The beneficial effect of short-chain fatty acids (SCFAs) on host health has been well recognized based on the booming knowledge from gut microbiome research. The role of SCFA in influencing psychological function is highlighted in recent years but has not been fully elucidated. In this study, the SCFA-acylated starches were used to accomplish a sizeable intestine-targeted release of the SCFAs, and the neurobehavioral, immunological, and microbial effects were further investigated. Acetylated-, butylated-, and isobutylated-starch could attenuate the depression-like behaviors and excessive corticosterone production in chronically stressed mice. Butylated- starch significantly reduced the colonic permeability via increasing the tight junction proteins (including ZO-1, Claudin, and Occludin) gene expression and reduced the level of the inflammatory cytokines (including IL-1ß and IL-6). The butylated starch's neurological and immunological benefits may be derived from the gut microbiome modifications, including normalizing the abundance of certain beneficial microbes (Odoribacter and Oscillibacter) and metabolomic pathways (Tryptophan synthesis and Inositol degradation). The present findings further validate the brain-beneficial effect of butyrate and offer novel guidance for developing novel food or dietary supplements for improving mental health.

An in vitro screening method for probiotics with antidepressant-like effect using the enterochromaffin cell model.

Certain probiotics can regulate the host's neurobehavioral function through the microbiota-gut-brain axis. However, screening these probiotics is mainly carried out in animal models, and is costly and inefficient. Herein, a putative enterochromaffin cell line (RIN14B) was used as an in vitro pre-screening model; 30 bacterial strains were tested for bacteria-stimulated tryptophan hydroxylase 1 gene (Tph1) expression and 5-hydroxytryptophan/5-hydroxytryptamine secretion. All strains were further validated for their neurobehavioral effects in chronic stress-induced depressive mice. Using partial least squares (PLS) modeling of in vitro and in vivo datasets, we found that the level of Tph1 mRNA in RIN14B significantly correlated with the performance of a forced swim test and sucrose preference test, and serum corticosterone level in chronically stressed mice. Four strains were identified as the best candidates among 30 strains using principal component analysis on all in vivo measures, and unsurprisingly, three of them could enhance Tph1 expression in RIN14B, which further proved that the RIN14B-based screening method (especially the detection of bacteria-stimulated Tph1 mRNA) has good predictive validity and screening efficiency for the strain's antidepressant-like capacity. Collectively, this study provides a novel in vitro method for screening probiotics (or other related bioproducts) with antidepressant-like potential.

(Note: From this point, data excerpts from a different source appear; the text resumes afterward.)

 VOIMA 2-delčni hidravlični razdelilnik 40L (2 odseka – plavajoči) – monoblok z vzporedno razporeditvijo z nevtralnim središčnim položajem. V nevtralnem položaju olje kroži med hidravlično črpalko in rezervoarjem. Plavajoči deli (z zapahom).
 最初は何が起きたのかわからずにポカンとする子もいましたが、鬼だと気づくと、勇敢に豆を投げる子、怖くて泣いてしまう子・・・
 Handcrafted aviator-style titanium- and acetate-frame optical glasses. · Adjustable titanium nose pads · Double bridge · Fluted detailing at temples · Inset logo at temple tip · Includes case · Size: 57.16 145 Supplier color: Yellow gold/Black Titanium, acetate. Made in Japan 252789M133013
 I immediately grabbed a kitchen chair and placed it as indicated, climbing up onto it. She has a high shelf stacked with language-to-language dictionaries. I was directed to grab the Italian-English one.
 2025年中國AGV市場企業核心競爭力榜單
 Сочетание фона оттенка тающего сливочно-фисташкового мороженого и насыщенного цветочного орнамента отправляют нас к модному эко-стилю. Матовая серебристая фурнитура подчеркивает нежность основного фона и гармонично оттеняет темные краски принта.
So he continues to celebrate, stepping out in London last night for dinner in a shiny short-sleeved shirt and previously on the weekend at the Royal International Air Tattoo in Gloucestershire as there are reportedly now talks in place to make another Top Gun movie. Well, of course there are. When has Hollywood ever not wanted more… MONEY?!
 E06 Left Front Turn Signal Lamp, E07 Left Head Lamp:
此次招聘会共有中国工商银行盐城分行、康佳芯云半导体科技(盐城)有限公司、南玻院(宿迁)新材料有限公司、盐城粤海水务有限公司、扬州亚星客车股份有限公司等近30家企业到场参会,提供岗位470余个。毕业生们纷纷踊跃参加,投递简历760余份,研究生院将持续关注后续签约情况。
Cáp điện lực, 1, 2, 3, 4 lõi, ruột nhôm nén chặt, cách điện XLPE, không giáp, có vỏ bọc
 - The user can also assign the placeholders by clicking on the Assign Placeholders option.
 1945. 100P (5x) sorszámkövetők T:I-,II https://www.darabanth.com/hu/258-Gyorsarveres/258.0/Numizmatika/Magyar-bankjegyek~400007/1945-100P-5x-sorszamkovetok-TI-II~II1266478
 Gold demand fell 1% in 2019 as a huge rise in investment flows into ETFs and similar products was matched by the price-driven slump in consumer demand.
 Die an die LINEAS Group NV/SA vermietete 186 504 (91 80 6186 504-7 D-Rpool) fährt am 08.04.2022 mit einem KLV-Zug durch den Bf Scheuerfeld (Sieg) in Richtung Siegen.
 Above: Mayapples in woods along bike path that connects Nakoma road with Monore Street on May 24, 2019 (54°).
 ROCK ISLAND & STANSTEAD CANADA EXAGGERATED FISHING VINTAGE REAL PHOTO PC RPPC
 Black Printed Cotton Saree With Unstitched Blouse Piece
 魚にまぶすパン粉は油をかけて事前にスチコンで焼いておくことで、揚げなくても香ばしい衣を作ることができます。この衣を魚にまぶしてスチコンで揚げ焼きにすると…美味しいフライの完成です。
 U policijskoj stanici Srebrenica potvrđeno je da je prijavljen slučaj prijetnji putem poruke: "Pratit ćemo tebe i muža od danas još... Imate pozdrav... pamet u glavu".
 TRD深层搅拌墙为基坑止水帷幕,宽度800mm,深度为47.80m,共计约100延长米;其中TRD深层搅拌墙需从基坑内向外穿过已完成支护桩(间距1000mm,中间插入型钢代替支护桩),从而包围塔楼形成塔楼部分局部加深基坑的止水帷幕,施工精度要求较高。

Lactic acid bacteria reduce diabetes symptoms in mice by alleviating gut microbiota dysbiosis and inflammation in different manners.

The prevalence of diabetes mellitus is increasing worldwide. Lactic acid bacteria have shown efficacy in alleviating diabetes. We studied the remission effect of nine strains of lactic acid bacteria on the symptoms of high-fat diet- and streptozotocin-induced type 2 diabetes and its mechanism in mice. The oral administration of Bifidobacterium adolescentis, B. bifidum or Lactobacillus rhamnosus to mice every day for more than 12 weeks showed that the individual strains could reduce the fasting and postprandial blood sugar levels, improve glucose tolerance and prevent pancreatic damage. However, L. rhamnosus strains showed greater efficacy than Bifidobacterium strains in the regulation of blood lipid levels. The effects of lactic acid bacteria on the recovery of glycolipid metabolism disorder and gut microbiota dysbiosis showed inter- and intraspecific differences. In addition, the strains that exhibited hypoglycaemic effects played a beneficial role in reducing insulin resistance by contributing to the production of short-chain fatty acids and alleviation of inflammation. The ability of lactic acid bacteria to reduce inflammation was found to be closely related to their ability to alleviate diabetes mellitus.